Los exteriores… Se sabe que a los pequeños les gustan las travesuras, pero en vano buscaba yo en los pavimentos pulidos de los patios de recreo un rincón donde ellos pudieran jugar a las canicas, saltar a la rayuela o encontrar un sitio para cualquier invención, de las que hacíamos todos en la infancia. ¿Quizá sentarse ordenadamente en los bancos alineados y puntiagudos o resbalar por las inclinadas claraboyas de cristal?

En el reportaje de “Domus” se admira la concordia de color entre las paredes exteriores e interiores (seguramente se hubiera podido obtener el mismo color cálido con un proceso más simple y con gastos inferiores) admitiendo que éste confiere al ambiente una cierta “Gemutlichkeit”. Pues bien, la obra puede calificarse de muchas maneras -positivas o negativas- pero seguramente no hay sitio en ella para la palabra “Gemutlichkeit”. Me estoy imaginando a los autores del reportaje de “Domus” felices y relajados en los “ambientes domésticos” de los pequeños y torcidos dormitorios, donde a parte de duras literas no cabe nada más. Y pensar que hay niños, para los cuales estas paredes representan su casa durante toda la semana : estamos hablando de una escuela-hogar. ¡Si estos espacios de descanso nocturno parecen el paradigma de la inhospitalidad!

Algunos detalles superan la fantasía infantil, a veces se acercan a trampas sádicas. La puerta principal es pivotante, y al abrirse barre su lado opuesto unos 50 cm, allá fácilmente puede machacarse un niño o al menos recibir una “bofetada”. Si durante las comidas un niño quiere apoyarse, simplemente se caerá. No hay sillas en el comedor, solo bancos sin respaldo. La entrada a la sala de TV (biblioteca) hay que buscarla, ésta casi escondida detrás de una pared.

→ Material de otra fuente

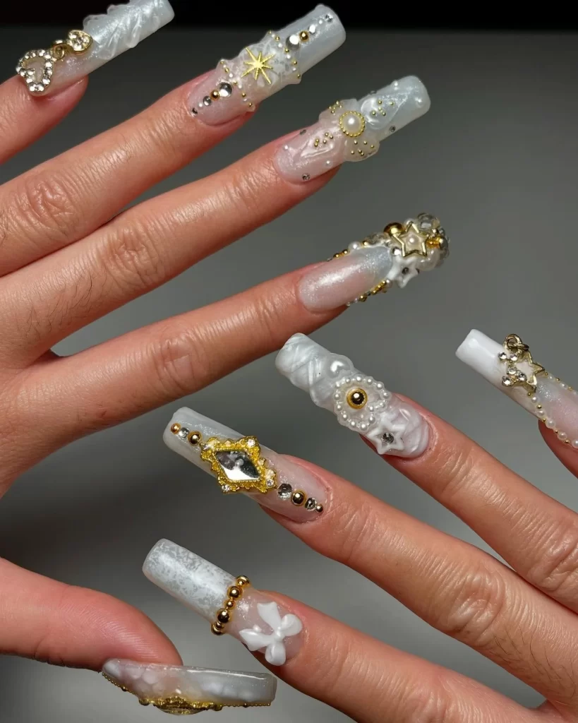 White and Gold Nail Starry Glam Look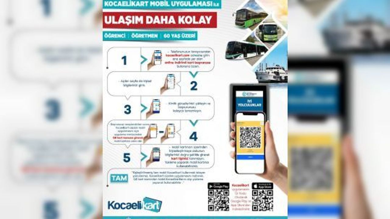 Kocaeli Büyükşehir Belediyesi, toplu ulaşımda dijital dönüşüm adımlarını sürdürüyor. Öğrenci, öğretmen ve 60 yaş üzeri vatandaşlara yönelik Kocaeli Kart başvuruları artık online olarak yapılabiliyor. Yeni sistem sayesinde bu gruplar, kart başvurusu ve bakiye yükleme işlemlerini internet üzerinden kolayca gerçekleştirebilecek.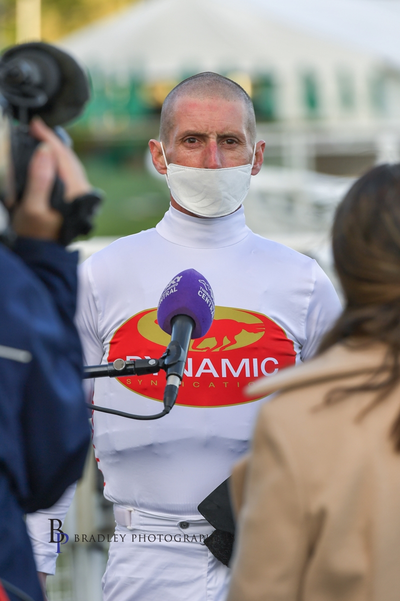 Post-race a happy trainer grinning beneath his COVID mask like a Cheshire cat was interviewed by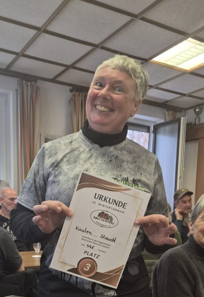 Kirsten Staudt von Schützen Groß-Zimmern belegte bei den Bowhunter-Damen den 3. Platz mit lediglich 8 Punkten Rückstand auf Platz 2. Roman Gottstein aus Babenhausen gewann die Wertung der Kinder.

Ya he oído muchas reflexiones profundas que tratan de explicar las soluciones tomadas para la creación de la nueva escuela y también sus altísimos costes, pero sigo sin entender porqué un edificio dedicado a educar las futuras generaciones debería tener un halo de hermetismo. El hermetismo en arquitectura se puede quizá justificar en las iglesias prerrománicas, y esto solo por las ansias de poder de las capas superiores y la triste ignorancia del vulgo, ¿pero “fuerte hermetismo” en una escuela a finales del siglo 20? Pienso que no se debieran glorificar arquitecturas que no están concebidas para cumplir con sus preceptos, en este caso los de educar a los niños en una harmonía con su entorno. Estoy recordando la vieja escuela de mis primeros años escolares, con pasillos anchos y largos, escaleras amplias y aulas grandes – los maestros en su mayoría eran “politicamente correctos”, tiempos de la guerra fría, pero la escuela era estupenda. Y sigo pensando en la validez de la frase de A. Loos: “….el arte es revolucionario y la arquitectura conservadora…”. En fin, tengo la esperanza y la fe puestas en los aires de Morella; ellos envolverán y suavizarán las formas punzantes de su nueva escuela.